1/ With the EU regulation project ”Nature restauration law”, what are the possible implications/future obligations for European fruit and vegetable producers?
The implications will be that we have to take into account that our activities have to work in symbiosis with nature and minimise our impact. I think this is an opportunity to be a world reference in this respect. Europe knows how to produce fruit and vegetables in a sustainable way. Now that we are incorporating non-standard crops, it is an opportunity to show that we know how to do it with flavour and improve our carbon footprint.
Can it become a competitive advantage for our sector, due to the good natural environment of most F&V farms?
It must be and we have to go hand in hand with retail to explain to the consumer all the advantages that this offers, which are not only environmental, but also economic and social. We are investing in ourselves directly and indirectly.
Or can it be a disadvantage for food security or the competitiveness of producers?
We must strike a balance between sustainability, profitability and food security. Scientific progress is undoubtedly a value for human beings. We cannot do without certain tools that provide us with safety and quality, we have to defend and support them, while logically making reasonable and protective use of them.
European politicians must be sensitive on all sides and support this type of cultivation. It is undoubtedly a way for all of us to benefit.
2/ Regarding plastic reduction with single-use packaging, what proposed regulations are there to harmonise the different directives of various countries?
This is a fast-moving sector and our awareness of plastic reduction is visible. However, this does not mean that we can stop providing the value provided by packaging, as well as a lack of identification on the part of the consumer. Bulk sales make a strategy of identification and differentiation by product origin and accompanying quality characteristics unfeasible. Community production is thus at a disadvantage.
The European Parliament Regulation goes in the same direction as the Spanish Royal Decree, which restricts single-use packaging to products of less than 1.5kg, which is undoubtedly one of the formats chosen by consumers in their regular shopping.

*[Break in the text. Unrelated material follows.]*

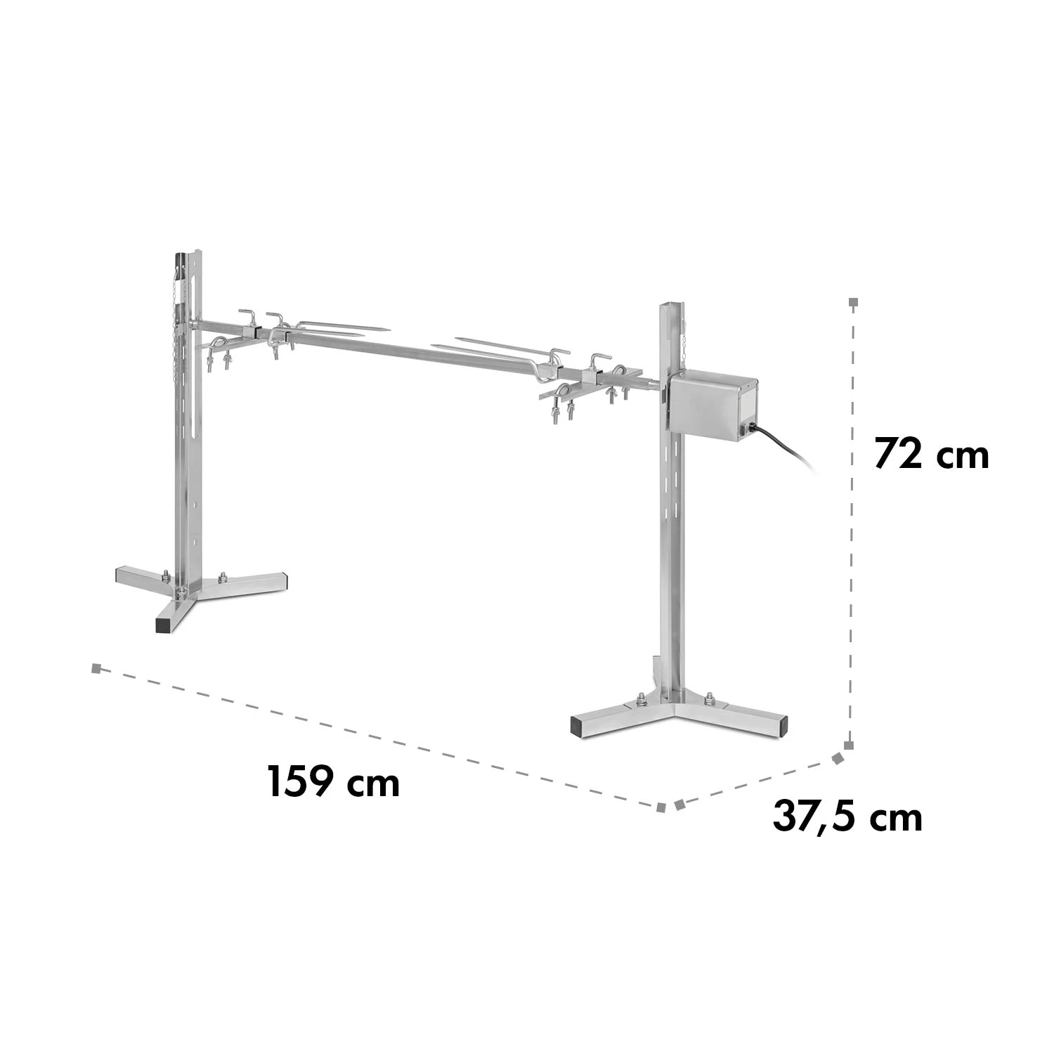 Mit dem resistenten und leicht zu reinigenden Drehspieß aus Edelstahl können saftige Spanferkel, schmackhafte Hähnchen und leckere Braten bis zur Perfektion zubereitet werden. Dank einer höhenverstellbaren Vorrichtung mit 5 Stufen lässt sich jederzeit die Höhe des Grillguts und somit auch das gewünschte Garergebnis punktgenau bestimmen. Angetrieben wird der Edelstahl-Spieß des Spanferkelgrills von einem mitgelieferten Motor mit 12 Watt Leistung: Durch eine stetige Drehung sorgt er für einen gleichmäßigen Garprozess und perfekt-saftigen Fleischgenuss. Die stabilen, 3-gliedrigen Standbeine aus Edelstahl im neuen Design für noch besseren Halt sorgen dabei zuverlässig für Sicherheit und Standfestigkeit. Zudem ist die Hitzequelle unter dem Grillgut frei wählbar: Ob das Grillfleisch über einer mit Holzkohle gefüllten Grillschale oder einem offenen Feuer im Garten bis zur Perfektion am Drehspieß rotiert, ist hierbei jedem selbst überlassen. Dank seiner einfach verstaubaren Komponenten und sein geringes Gewicht lässt sich der Sauenland Survivor zudem leicht transportieren und an der gewünschten Stelle im Handumdrehen aufstellen. So wird maximale Flexibilität bei unterschiedlichen Grillveranstaltungen gewährleistet.

I believe that the regulation of plastic has not been developed with all parties in mind. Firstly, there are new materials that are sustainable but are taxed, secondly, there is no general awareness of the possibilities of reuse, thirdly, there are products whose sales will be affected by this new regulation, as it will change the configuration that customers generally make (we are making it less easy for them to buy…), which will generate additional costs that will be paid by all parties, losing competitiveness.
This requires a deeper analysis connected to reality in order to make joint decisions that benefit both the ecosystem and the companies and, of course, the consumer.
3/ Regulation of the sustainable use of plant protection products: What is the position of EUCOFEL?
I think we are in the wrong place because decisions have to be made taking into account all parties and all factors. This is the only way to be both competitive and environmentally friendly. We must react to the urgent needs of the sector and work in symbiosis. We must make it possible for agriculture to be a productive engine in the European Union, minimising our environmental impact and making efficient and decisive decisions.
The European Commission’s proposal for a regulation does not address the consequences of the application of this regulation and makes us lose competitive power for Community crops in the face of the alternatives that are required, but which are not affecting the production of third countries, thus causing a clear disadvantage for our producers.
4/ Water issues with Doñana: How can we ensure only sustainably produced berries will be exported next season?
The correct distribution of water resources among all water basins is fundamental for Spanish agriculture. This has been a latent problem for a long time, which does not only affect the Huelva countryside. The Spanish countryside must have this resource within its reach and at an affordable price in order to be competitive. For my part, we will continue to demand from the State authorities the need for a complete, real national hydrological plan that benefits and guarantees supply to all the regions of our country.
Jorge Brotons Campillo, born in Alicante (Spain), is director of the leading Spanish tomato company Bonnysa Agroalimentaria, president of FEPEX since 2007, part of the Organising Committee of Fruit Attraction and president of FruitVegetablesEUROPE since 2021.
Founded 60 years ago, FruitVegetablesEUROPE (EUCOFEL) is the private sectoral European Association, based in Brussels, representing the European Fruit and Vegetables producers and exporters at EU level.